The September Gust - by Gail M. Walczyk

Before storms from the tropics were called hurricanes and given names, storms have come from the warmer climates, up the Eastern Coast, making landfall anywhere along the East Coast, the Gulf of Mexico, or Central America.  Also called tropical cyclones, these storms begin as thunderstorms that come off the coast of Africa.  As these storms travel east, they grow into tropical cyclones with the help of warm ocean water. The wind gradually increase in a counter clockwise direction, forming a center or "eye."  Storm whose winds have reached a speed of 74 miles an hour are known today as "Hurricanes."

The "eye" is generally 20 to 30 miles wide, and the storm may extend outward 400 miles.  As a hurricane approaches, the skies will begin to darken and winds will grow in strength.  As a hurricane nears land, it can bring torrential rains, high winds, and storm surges and the winds are out of the northeast.  There is a calm when the "eye" is overhead and the skies are clear.  All of a sudden the skies darken again and the winds then come out of the northwest, sometimes blowing stronger than before.  A single hurricane can last for more than two weeks over open waters and can run a path across the entire length of the eastern seaboard.  August and September are peak months during the hurricane season that lasts from June 1 through November 30.

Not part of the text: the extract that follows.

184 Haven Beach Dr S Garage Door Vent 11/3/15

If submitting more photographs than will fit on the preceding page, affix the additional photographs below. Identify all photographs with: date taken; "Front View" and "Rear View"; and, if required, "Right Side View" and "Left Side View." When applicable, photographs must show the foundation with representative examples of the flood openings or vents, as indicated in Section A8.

On 3 September, 1821, one such storm hit the Eastern Shore, probably entering the Chesapeake Bay heading north.  Tales of such storms have traveled in the memories of Shoremen even today.  James Egbert Mears writes of the storm in Hack's Neck and It's People.  He relates a tale of a storm known as "The September Gust," a storm that came up the Bayside.  The tide was so high that "a man who had been fishing near the mouth of the Pungoteague Creek sailed across the lower peninsula [across Slutkill Neck] to the Richard Cutler farm on the north of Nandua Creek."

He goes on to say that in a Bible printed in Edinburgh in 1752 and owned by William Elmer Hutchinson of Harborton [1885-1941], to whom it came through his ancestors, is found on a blank page between the Old and the New Testaments the following entry:  "September 3rd day, in the year 1821, on Monday morning the wind at North East with heavy Rain till after the middle of the day, then the wind shifting to N. N. West, which made the tide overflow all the land and carry away all fences, and it was 12 inches in this house on the lower floor.  Teste. James Eichelberger."  This house was in Prospect Neck, bordering on the south by Pungoteague Creek.

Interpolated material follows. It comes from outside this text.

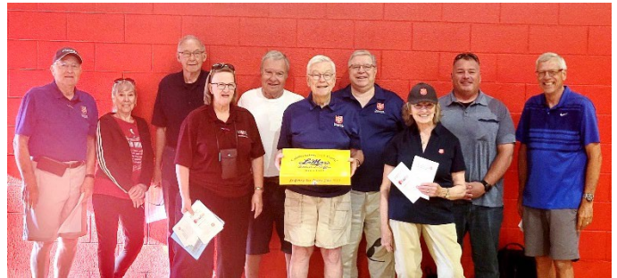
Our Kiwanis and Advisory Council volunteers

In describing the house known as the "Boggs Place"[A58A] Whitelaw states:  "Bricks in the chimney shown are inscribed as follows:  'September, 1821, blown down, Rebuilt November 1.'"  He adds:  "It is traditional that the house was under construction in the above year when the great September Gust blew down the chimney, so that a fresh start had to be made."  (Ralph T. Whitelaw.  Virginia's Eastern Shore.  A History of Northampton and Accomack Counties.  Camden, MA: Picton Press, 1989;  p. 822).

Storms like this are mentioned in Bibles, diaries and talked about for years.  The winds and tide of this storm were so great it even earned  recognition on bricks.